• Aim of the task: Beginning with the line that contains "11月24日,卓易信息大宗交", retype the entries below exactly, ending with the line that contains "This TRP500 is". Leave out any pictures.

• Provided information:
BEGIN

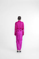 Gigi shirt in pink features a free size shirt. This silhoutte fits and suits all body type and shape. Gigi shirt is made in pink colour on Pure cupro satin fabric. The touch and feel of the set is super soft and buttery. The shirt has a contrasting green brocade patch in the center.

END
BEGIN

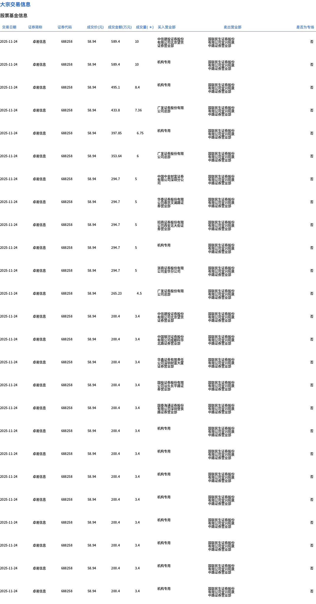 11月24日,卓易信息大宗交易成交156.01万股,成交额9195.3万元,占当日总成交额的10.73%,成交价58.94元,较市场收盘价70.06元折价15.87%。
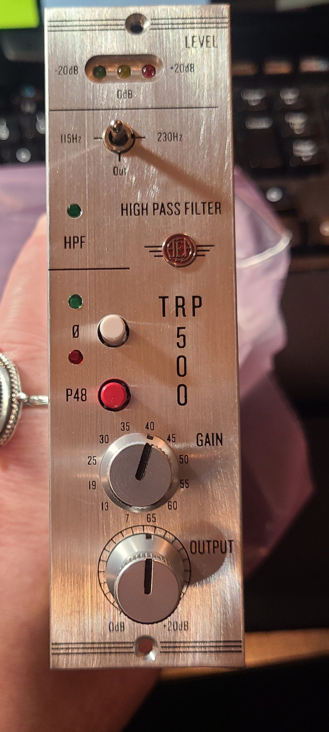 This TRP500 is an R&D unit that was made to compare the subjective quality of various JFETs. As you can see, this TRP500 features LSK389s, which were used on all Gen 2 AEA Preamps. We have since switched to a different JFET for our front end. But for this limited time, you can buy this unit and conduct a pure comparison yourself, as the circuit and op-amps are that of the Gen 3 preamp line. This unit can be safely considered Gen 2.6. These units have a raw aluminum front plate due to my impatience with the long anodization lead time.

END

• Written solution:
 11月24日,卓易信息大宗交易成交156.01万股,成交额9195.3万元,占当日总成交额的10.73%,成交价58.94元,较市场收盘价70.06元折价15.87%。
 This TRP500 is an R&D unit that was made to compare the subjective quality of various JFETs. As you can see, this TRP500 features LSK389s, which were used on all Gen 2 AEA Preamps. We have since switched to a different JFET for our front end. But for this limited time, you can buy this unit and conduct a pure comparison yourself, as the circuit and op-amps are that of the Gen 3 preamp line. This unit can be safely considered Gen 2.6. These units have a raw aluminum front plate due to my impatience with the long anodization lead time.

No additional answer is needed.